Through the whole of 2015 and most of 2016 the Garden Bridge Trust maintained the £175m build cost, including contingency.

In August 2016 the Chair of the Trust appeared on Newsnight after a report of donors leaving the scheme and said the cost had gone up to £185m.

Because of the lack of transparency it is not known if this means that the GBT have also written off their contingency as well as added £10m to the cost, but with a reduction in pledged donations and an admitted increase in cost the funding gap was only getting larger.



The Garden Bridge Trust accounts published on January 10th 2017 included the line: “The last external estimate of the total project cost of the Garden Bridge was £185m but due to the hurdles still to be cleared and the ensuing delays the final cost could substantially exceed the formal estimate.”


“NORTH OF” £200m

On 7th April 2017 Dame Margaret Hodge published her independent report into the Garden Bridge. For it she interviewed key stakeholders behind the development, and in one of these the Chairman of the Trust, Paul Morrell, told Hodge “I think we’re now north of £200 million”.



How much “north” is unknown, with some experts estimating £250-£280m. With the Trust seemingly unable to increase their donations level to cover even the £150m pricetag, the expectation is that should they commence construction there is a very high risk that the public purse will be required to bail out project on top of the annual £3m+ maintenance costs.


The projected cost will only likely increase, due to:

Continued delays to the construction timeline

One of the most complicated building sites anyone could have in London

Hugely experimental engineering which is always hard to keep under budget

Build complications due to the construction of the Thames Tideway Tunnel

Further likelihood of a judicial review from Thames Central Open Spaces (donate HERE)



Bespoke materials and cladding

Unknown engineering works required to Temple station roof



It’s also worth noting that the GBT have apparently not added very much to their private investment pledges in nearly two years, but because they are extremely secretive with their figures and there is very little transparency on the details of funding and build cost there is no way to independently verify the £200m figure. Meanwhile, Sadiq Khan seems content to gamble public money and blindly trust the GBT where few others do as he continues to refuse to engage with opponents, the local community and independent experts which is all slightly concerning. The Independent suggests that he has fallen for ‘sunk cost fallacy’.


So what is the real financial cost (not including the £3.5m annual maintenance that Johnson decided the public purse would underwrite in perpetuity)? Until the GBT open up their books entirely to public scrutiny, a full independent inquiry is commissioned into the whole debacle and quantity surveyors and auditors are brought in to fully look over the project there is no way of knowing.



But lets’ look at a current example which could serve as a warning.  the new Hamburg Elbphilharmonie concert hall which is due to open in January 2017. Designed by Herzog & de Mauron was started in 2007 and was originally set to be completed by 2010 at a cost of £60m (that figure seems familiar…).

But costs incrementally increased and the estimate jumped up to just over £180m.
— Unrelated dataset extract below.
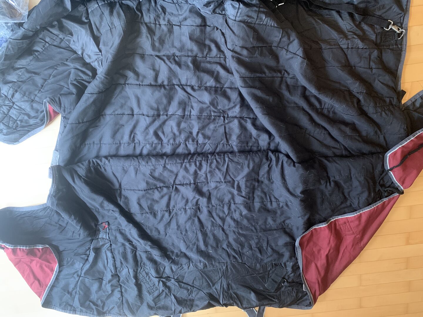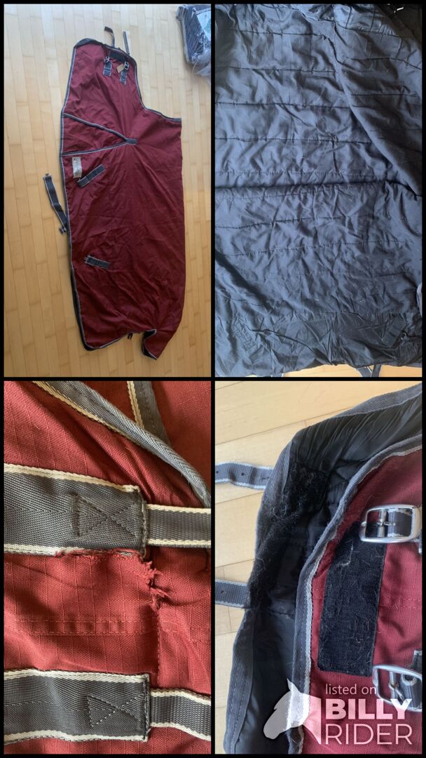 Waldhausen Rain Blanket 145cm, 200g - Koc przeciwdeszczowy 145 cm firmy Waldhausen z wypełnieniem 200g. Koc jest świeżo po pralni chemicznej z impregnacją i od tego czasu nie był noszony. Kocyk ma rozdarcie na piersi (ok. 5 cm), które można łatwo naprawić, a także pasek na rzepy. Widać to na zdjęciach.

By 2012 it was still a building site with a new cost of around £400m.

The current total is £620m but I am sure the German version of Joanna Lumley would be very pleased that Hamburg will be getting its vanity project eventually…

Without looking too deeply, one can see similar overspends in British developments – The Millennium Dome came in twice over budget for example.

How about Heatherwick’s experiences? His Blue Carpet in Newcastle was one and a half times over budget, failing instantly, while his B of the Bang in Manchester was completed two years late, twice over budget and it started dangerously falling apart before being melted down and sold off as scrap metal for £17k with Heatherwick agreeing to pay Manchester City Council £1.7m in an out-of-court settlement.


Well, that all bodes well for the Garden Bridge!